Functional studies further validate the disease mechanism by demonstrating that loss‐of‐function mutations in CUL4B disrupt the assembly and function of the CRL4 ubiquitin ligase complex. Experimental assessments in cellular models have shown that such mutations impair protein degradation pathways and neural progenitor cell proliferation, thereby providing mechanistic insight into the neurodevelopmental deficits observed in patients (PMID:17273978; PMID:22992378).
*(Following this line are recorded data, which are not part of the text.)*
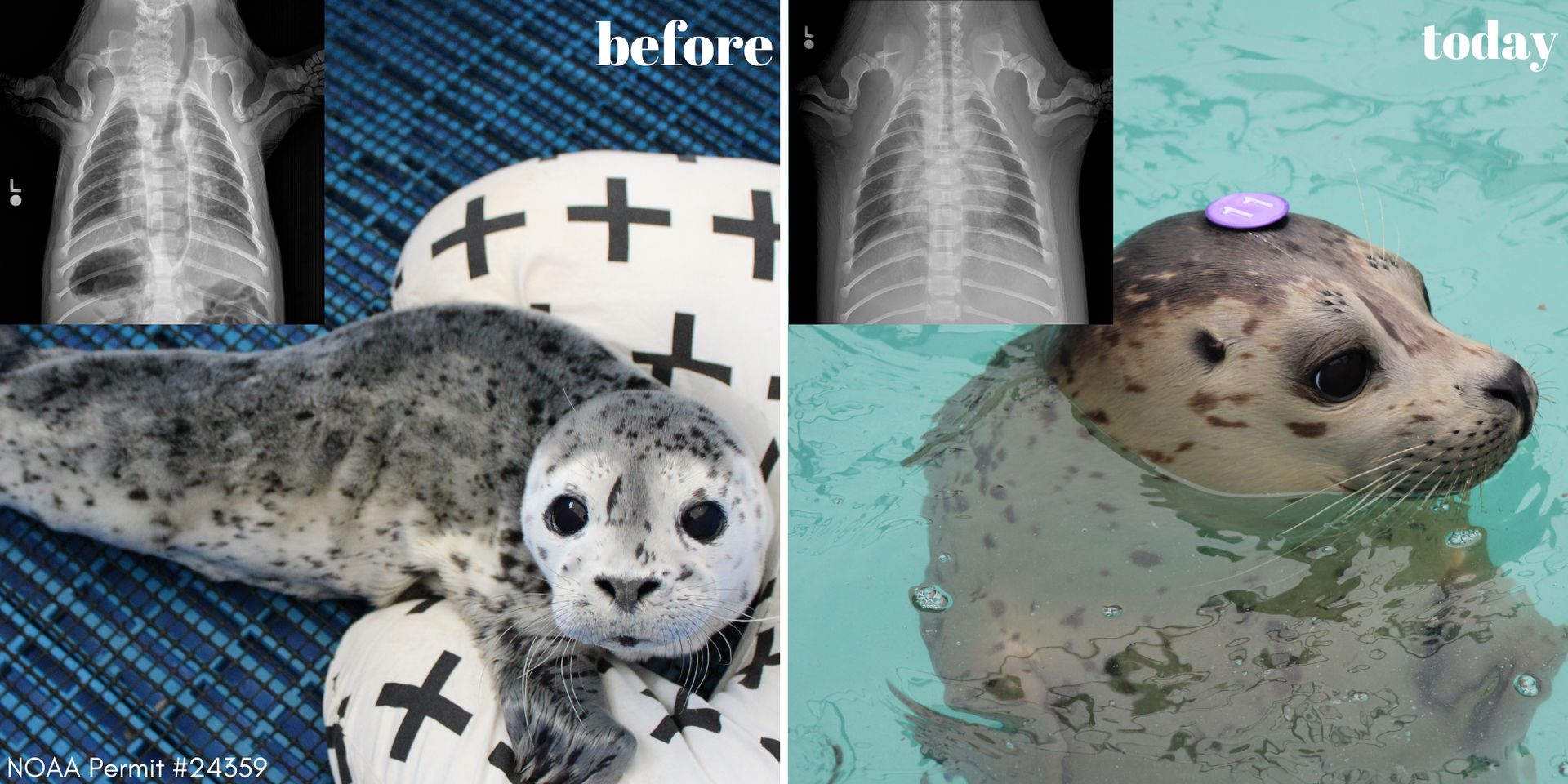 Before and after images of Linguine: while one of the biggest differences you can see in her x-rays is the thickness of her blubber layer, these images also reveal an even more remarkable recovery - the resolution of megaesophagus - a condition historically considered a death sentence for seals.
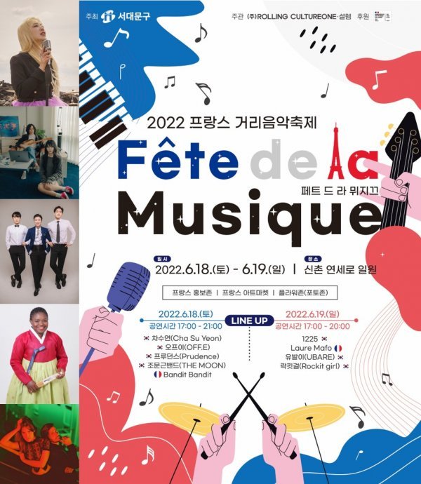 ‘2022 프랑스 거리음악축제(Fête de la Musique)’가 18일(토)부터 19일(일)까지 양일간 신촌 연세로에서 펼쳐지는 가운데 차수연, 조문근밴드, 프루던스 등의 뮤지션들이 총 출동한다.
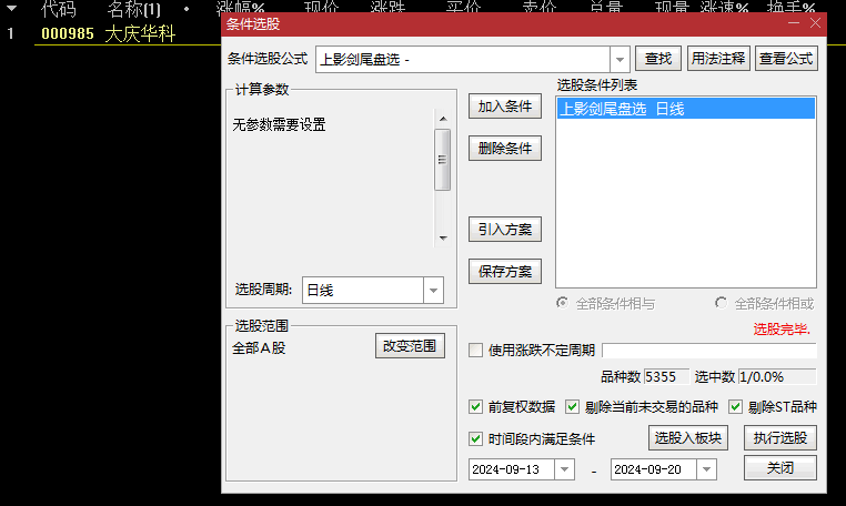 在午盘收市或收盘前十分钟,我们开始筛选潜力股;
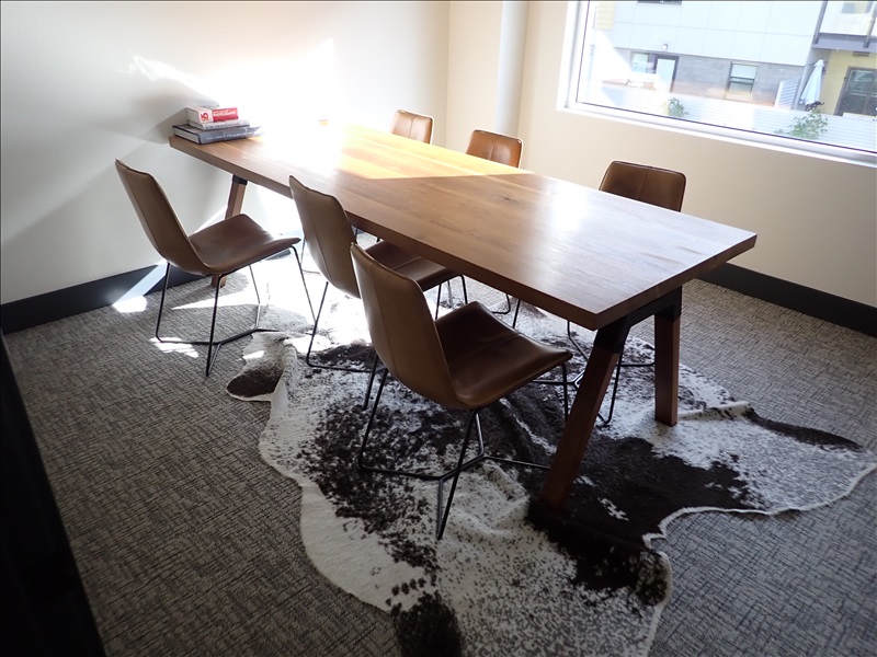 36"X96" SOLID WOOD TABLE W/(6) WEST ELM LEATHER CHAIRS & RUG
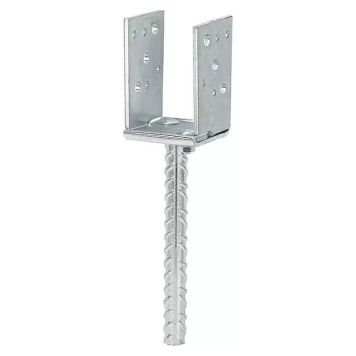 Upptäck de perfekta U-formade stolpsko för vertikal installation av trästolpar. Dessa stödsko är utrustade med korrugerade ståldubbar som enkelt kan gjutas in i marken, vilket ger en stabil och säker montering. Tack vare en lastbärande pärla med stödsko undviker du direktkontakt mellan stolpen och marken eller metallen, vilket effektivt skyddar mot trädröta. Tillverkade av robust och väderbeständigt material med varmförzinkning, är dessa stödsko idealiska för lätta till medeltunga träbyggnader!

Integrating both genetic and functional data, the evidence supports a strong association between CUL4B and X‑linked intellectual disability. The convergence of segregation data, consistent mutation spectra (including the recurrent c.1108C>T (p.Arg370Ter) variant), and complementary functional assays emphasizes the clinical relevance for diagnostic evaluation and targeted testing in males with intellectual impairment.
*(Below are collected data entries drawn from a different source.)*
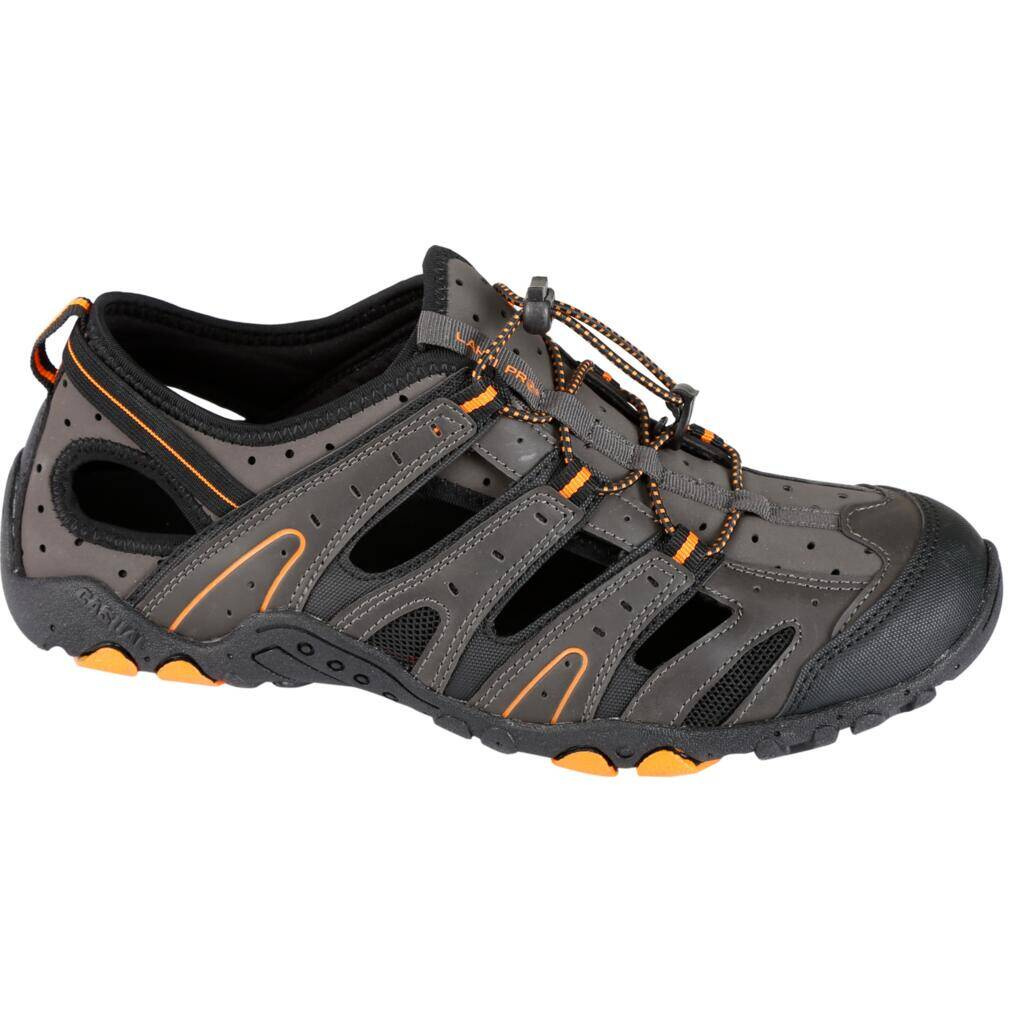 Sandały trekkingowe Lahti Pro L3061041 to lekkie obuwie, z częściowo zabudowaną i elastyczną piętą, zapewniającą idealne dopasowanie obuwia do stopy. Podszewka wykonana z dzianiny siatkowej oraz otwory zapewniają odpowiednią wentylację dla nogi użytkownika. Zastosowana podkładka tłumiąca wstrząsy dodatkowo łagodzi nacisk stopy na podłoże, zapewniając poczucie lekkości podczas noszenia. Głęboki protektor zapewnia wysoką stabilność obuwia.
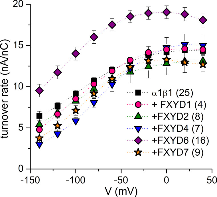 Figure 5. Effect of FXYD isoforms on turnover rate. Mean turnover rate at 4.5 mM K+o as a function of voltage. Error bars are SEM. Data from Warner amplifier are shown. Values at 0 mV are (± SD in s−1): 14.9 ± 3.0 (n = 47, data from Warner and Dagan amplifiers) for α1β1, 12.9 ± 3.0* for α1β1FXYD1 (n = 20, data from Warner and Dagan amplifiers), 12.8 ± 3.9 for α1β1FXYD2, 14.7 ± 3.3 for α1β1FXYD4, 19.1 ± 3.1 for α1β1FXYD6**, and 13.3 ± 1.7 for α1β1FXYD7. Note that there are more oocytes where we measured pump current at 4.5 mM K+o and charge movement than full dose–response curves and charge movement. Significantly different with respect to α1β1 alone by t test: *, P < 0.05; **, P < 0.001. |
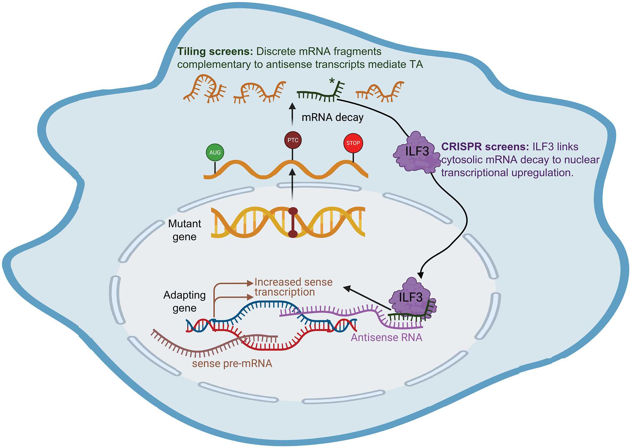 Анализ помог выявить белок ILF3 как главное звено процесса. Он захватывает фрагменты уничтоженной мутантной РНК в цитоплазме и переносит их в клеточное ядро. Там этот комплекс находит комплементарную фрагменту РНК антисмысловую цепочку на ДНК здорового гена-паралога.
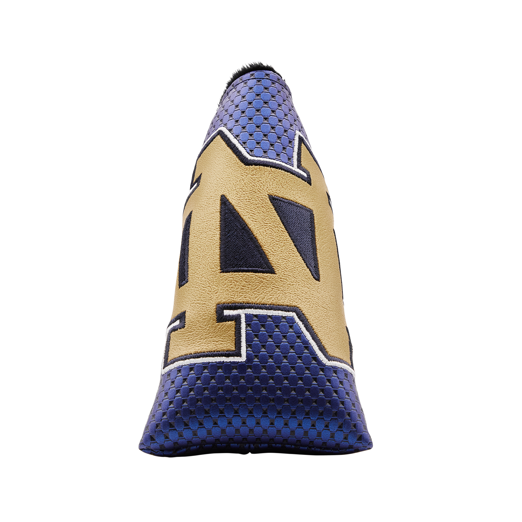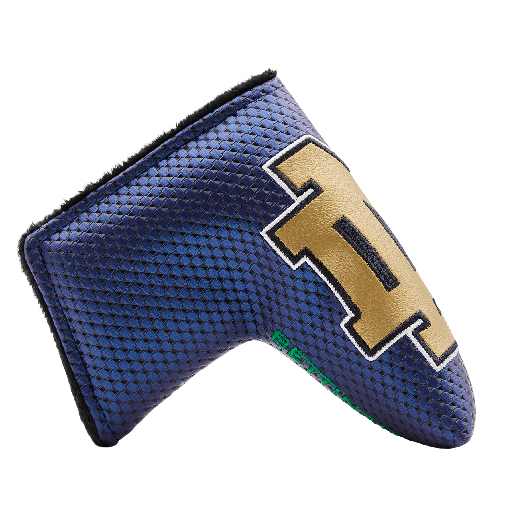 Fight On, Irish! Introducing the Bettinardi x Notre Dame BB8W Limited Putter, crafted from 303 Stainless Steel and featured in a striking Gold Flame finish. Weighing in at 342-grams, this masterpiece showcases Notre Dame engraved in the pocket and 'Go Irish' on the bumpers. The sole proudly displays 'Fightin' Irish' with clovers adorned above, and finished with green and navy paint fills. Comes completed with a navy Hex B Gripmaster perforated leather grip and matching ND blade putter headcover. Limited quantities are available. Good luck!

Key Take‑home: The robust genetic and functional evidence substantiates the role of CUL4B mutations in X‑linked intellectual disability, underscoring its utility as a diagnostic marker and a target for future therapeutic strategies.

References

  • Clinical Genetics • 2010 • A novel nonsense mutation in CUL4B gene in three brothers with X‑linked mental retardation syndrome PMID:20002452
  • American Journal of Medical Genetics. Part A • 2014 • Donor splice‑site mutation in CUL4B is likely cause of X‑linked intellectual disability PMID:24898194
  • American Journal of Human Genetics • 2007 • Mutations in CUL4B cause an X‑linked mental retardation syndrome PMID:17236139
  • American Journal of Human Genetics • 2007 • Mutation in CUL4B, which encodes a member of cullin‑RING ubiquitin ligase complex, causes X‑linked mental retardation PMID:17273978
  • BMC Neuroscience • 2012 • Cul4B regulates neural progenitor cell growth PMID:22992378

Evidence Based Scoring (AI generated)

Gene–Disease Association

Strong

Multiple independent studies report pathogenic CUL4B variants in unrelated probands, with clear segregation evidence and concordant functional assay results (PMID:20002452; PMID:24898194).

Genetic Evidence

Strong

Several studies have identified diverse mutation classes including splice‑site and nonsense variants (e.g., c.1108C>T (p.Arg370Ter)) in CUL4B among affected males, meeting rigorous ClinGen genetic criteria (PMID:17236139).

Functional Evidence

Moderate

Functional assessments in cellular and animal models demonstrate that loss‑of‑function mutations in CUL4B impair CRL4 ubiquitin ligase activity and neural progenitor cell proliferation, aligning with patient phenotypes (PMID:17273978; PMID:22992378).